Anläßlich des Spiels Österreich–BRD rechnen die Wiener Verkehrsbetriebe mit 500000 zusätzlichen Fahrten im öffentlichen Nahverkehr. Normalerweise benutzen täglich 2,2 Millionen Fahrgäste U- und S-Bahn sowie Bus. Im Mai wurde die Endstation der U2 »Stadion« eingeweiht: Dank drei Gleisen für zwei Bahnsteige können stündlich bis zu 24 000 Stadionbesucher transportiert werden. Die Fans werden durch 15 Aufgänge geschleust, damit es auf den Bahnsteigen zu keinem Gedränge kommt. Ein Zug (800 Personen) ist so in zwei Minuten gefüllt.

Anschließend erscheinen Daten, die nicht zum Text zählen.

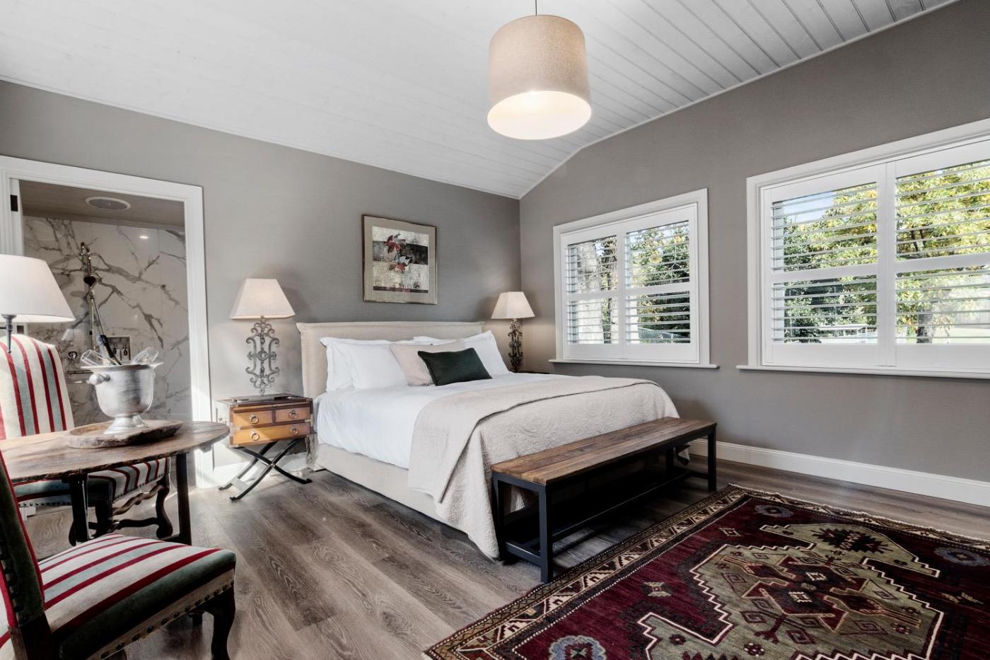 Superior King Suite. The Le Jardin Suite features a private entrance through French doors, opening onto the back carpark and garden. It includes French-styled art and furnishings, air conditioning, a Smart TV and a light-filled bathroom with bath and walk-in shower. ;
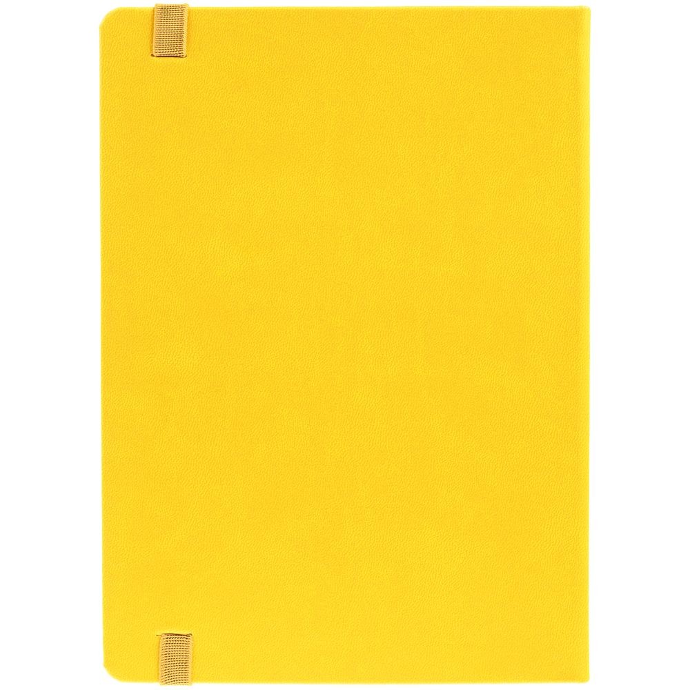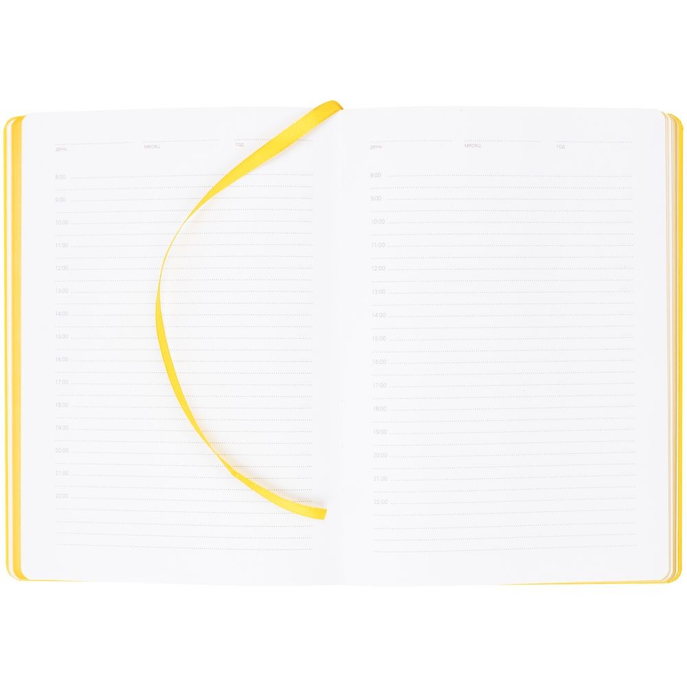 Ежедневник с твердой обложкой, выполнен из материала Latte, желтый КК, обрез зеленого цвета, дополнен ляссе желтого цвета и резинкой с металлическим шильдом.

Die wenigen, die blöd genug sind, mit dem Auto anzureisen, verhalten sich sehr diszipliniert: Bis Freitag mußten erst sechs Fahrzeuge aus dem Stadionbereich oder den Fanzonen abgeschleppt werden. In der ersten EM-Woche wurden von den Behörden 349 Baustellen im Wiener Stadtgebiet überprüft. 33 waren illegal, 167 »Euro-fit«, bei 149 hat der Magistrat zusätzliche Sicherungen angeordnet. Auch die Müllabfuhr hat sich zu Wort gemeldet. In der Fanzone werden nächtlich 31 Tonnen Müll entfernt und, in der ersten EM-Woche, 170 Kubikmeter Abwasser entsorgt.


(sid/jW)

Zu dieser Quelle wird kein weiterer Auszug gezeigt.